Message boards :
Number crunching :
Initial Replication
Message board moderation
Previous · 1 · 2 · 3 · 4 · 5 · 6 · 7 · Next
Author | Message |
---|---|
Send message Joined: 3 Jan 07 Posts: 124 Credit: 7,065 RAC: 0 |
IR can be set to 5, like it is now, then when the server software version upgrade is done, LHC can implement the server-side "redundant result" cancellation. SETI did this and it worked out just fine. It's not so much needed now as they've gone down to IR=2, MQ=2... Dagorath mentioned this some time ago in this thread, but I think the method of delivery of the idea was...less than ideal due to being intertwined with some bickering amongst several different people... How it works is that if a quorum has been reached, when a client connects to the scheduler, any results that the host has that have already made quorum and validated can be cancelled from the server. This can be done one of three different ways: 1. If the client (host) has not started the result at all, delete the result from the host. 2. If the client has started the result, let it go to completion. 3. Delete the result regardless of whether or not it has been started. I want to say the support for that was included in BOINC 5.8.17, but I'm not sure... With the relatively short running results here, I wouldn't be opposed to option 3, although options 1 & 2 are the most "user-friendly"... This allows the project to keep IR=5, but satisfies the concerns of people who are mentioning the waste of electricity... FWIW, YMMV, etc, etc, etc... Brian |
Send message Joined: 18 Sep 04 Posts: 47 Credit: 1,886,234 RAC: 0 |
Other than the fact that some WU's may get crunched 2 more times than needed (with credit granted), I'm not sure where this is causing harm. Sure you're using electricity, but it's up to the project. People have been complaining about "lack of work" here for years, and to cut IR from 5 to 3 means that there's 40% less work right off the bat. Right now, today, LHC, has taken some measures to keep work in the pipeline longer - the 2/day/cpu, the 1h delay, etc. with the press release and all. I think we should all just step back and be happy that there has been a flow of work (be it 2/day) for the longest time I've seen in years.

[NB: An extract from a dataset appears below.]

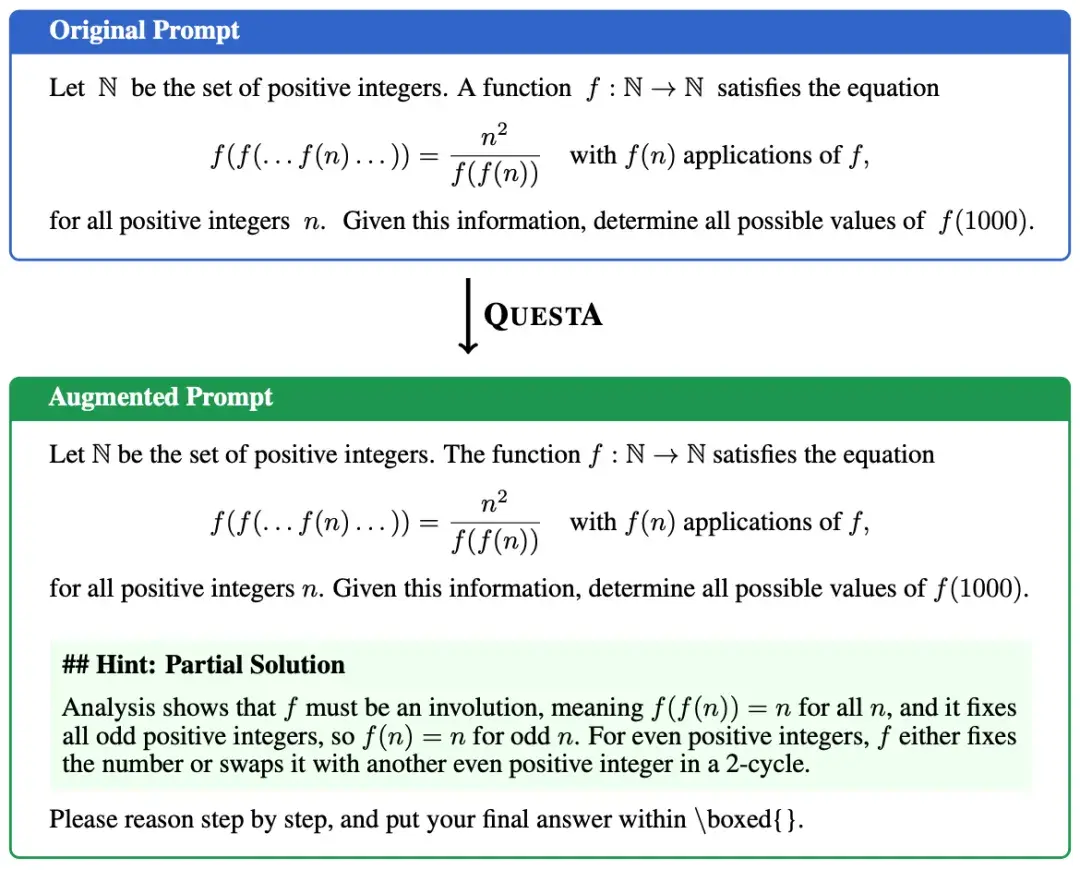 QuestA(问题增强): 训练过程中注入部分解题提示,QuestA 实现两项重大成果
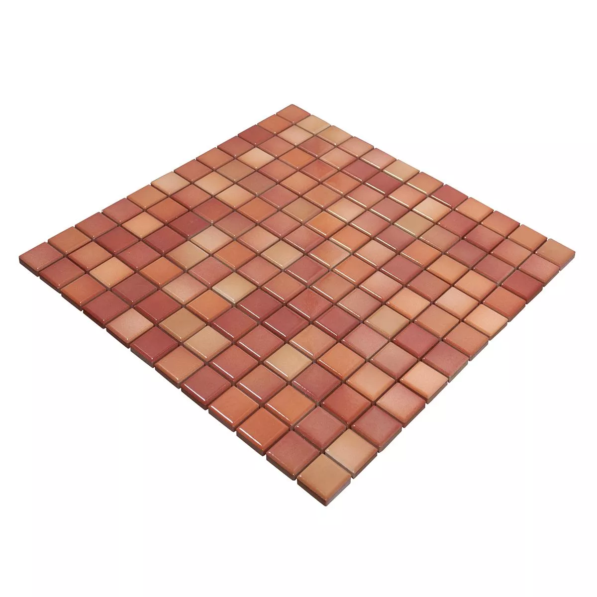 The Galleria ceramic mosaic tile in a vibrant red mix sets impressive accents with its striking metallic look and matte surface. The tile is available in a practical mat measuring 29.7 x 29.7 cm, which is already glued to a net ready for installation. With a stone size of 23 x 23 mm and a thickness of 6.5 mm, the tile can be installed easily and precisely on both walls and floors.

If you don't like the way the project is being managed, speak with your feet and crunch for another project. |
Send message Joined: 3 Jan 07 Posts: 124 Credit: 7,065 RAC: 0 |
What does indeed get slowed down is archiving the completed workunits. The workunit as a whole must remain so long as there is one resultID that hasn't been turned back in and that has not passed the deadline for the result. From what I've been able to read (and experience), this project is much more sensitive to floating point math differences than others. I had a couple of results that were declared invalid just over this past week. In both cases I was either first or second to report a completed result. If the replication had been at 3 and quorum at 3, then there would've been at least one more replication made. That replication would have the same amount of time to be returned as the initial replication, but it causes the workunit as a whole to be waiting longer to be stored in the Master Science Database than perhaps a replication of 5, all with the same deadline, would have. To make the determination you're making that 5 is "wasteful", you really need to know the exact error rates on the first replication. I don't think someone outside of the project team can know that for a fact... I think the best thing to do is to implement the server-side aborts, like what SETI did, but leave the replication at 5. Brian |
Send message Joined: 3 Jan 07 Posts: 124 Credit: 7,065 RAC: 0 |
You could argue that replicating anything more than the quorum is causing a "delay" in work being done, but you have to keep in mind that the insertion into the science database is the ultimate goal, and it may or may not be delayed by more replication. The fact that LHC units are so short at this point in time and that nobody is holding a large cache makes it difficult to give you a good example of what can happen if you get a reissue. To give you a better idea of what can happen, take a look at this example from Einstein numerous reissues. As you read down that list, the results were issued in order from top to bottom. The first two were generated. The 2nd host bombed out of it, so it got reissued. That was the same day, so not a big negative impact. So, the 3rd host reports, but the 1st host runs out the deadline. This causes another result to get issued, but it would've had 3 weeks to make it back in. This new host fails out the next day. Due to the way Einstein's data packs are handled, the next available host doesn't come along for a week. They too burn up the entire 3 weeks, and so another result has been issued. Had the intitial replication been higher, perhaps set at 3, another host would've picked up the result and run it successfully, thus making the longest time that result might've been in the work queue approximately 3 weeks. Instead, it is now 8+ weeks. Sure, there's no "guarantee" that the extra replication would've helped a bit, but it can help, depending on the circumstances. Since the LHC units are so short running and since people are not able to maintain large queues right now, the consequence of this has been minimized. Additionally, Einstein isn't a time-sensitive project. They can wait a few extra weeks for the results if need be. This is why they can do the lower replication. As for task A and task B waiting, the bigger cause of any "wait" right now is the forced low quota... To make the determination you're making that 5 is "wasteful", you really need to know the exact error rates on the first replication. I don't think someone outside of the project team can know that for a fact...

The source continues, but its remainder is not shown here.